The petition for writ of certiorari reflected apparent jurisdiction in this Court on the basis of a direct conflict between the decision of the Third District Court of Appeal in the instant cause, reported at 254 So. 2d 51, and the case of Boynton Beach v. Carroll, 272 So. 2d 171 (Fla.App.4th 1973). Upon further consideration of the record before us and having heard oral argument, we find no direct conflict to sustain jurisdiction and must therefore discharge.
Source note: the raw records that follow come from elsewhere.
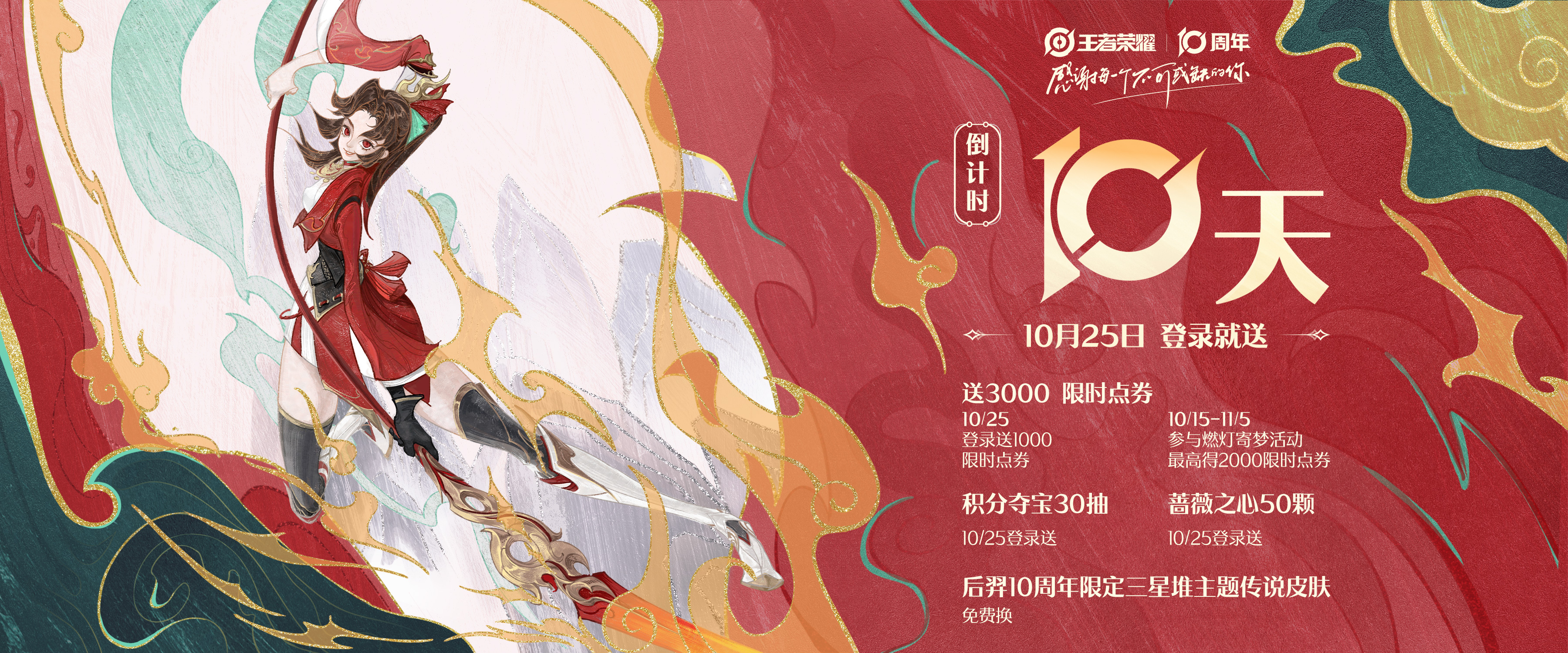 距1025王者十周年还有10天云大将军喊你1025来领福利啦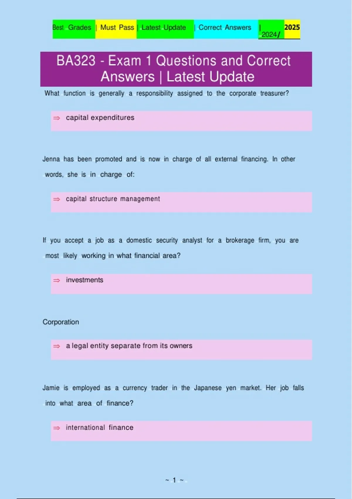 BA323 - Exam 1 Questions and Correct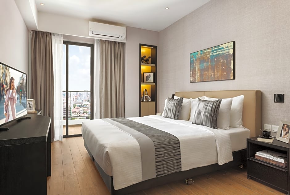 The air-conditioned suite features 1 bedroom and 1 bathroom with a bath and a shower. In the kitchen, guests will find a refrigerator, kitchenware, a microwave and a toaster. Featuring a balcony with city views, this suite also offers a washing machine and a flat-screen TV with satellite channels. The unit offers 1 bed.

Boynton Beach v. Carroll, supra, held as applicable the building codes, regulations, etc., in effect at the time of final decision of the suit, rather than those applying at the time the application for building permit was filed; the distinction between the ordinances at these two times arose from an amendment in the applicable ordinance enacted between the time the building permit application was filed and the date on which the suit was filed. In the instant case, however, the amendment was not made before filing of the suit, but rather between the date on which the suit was filed and the date of final determination. Although there is language in Boynton Beach v. Carroll, supra, to the effect that the law at the time of final determination governs, this must be considered in light of the fact that, in Boynton, the law as of final determination of the suit was the same as the law as of the date of filing of the suit. The decision of the 3d DCA sub judice did not apply the law as of the time of application for a building permit; it applied the law as of the date of filing of the suit, as in Boynton Beach v. Carroll, supra, where the court likewise applied the law as of the date of filing of the suit, albeit by another name. Hence, no conflict appears, thus no jurisdiction here.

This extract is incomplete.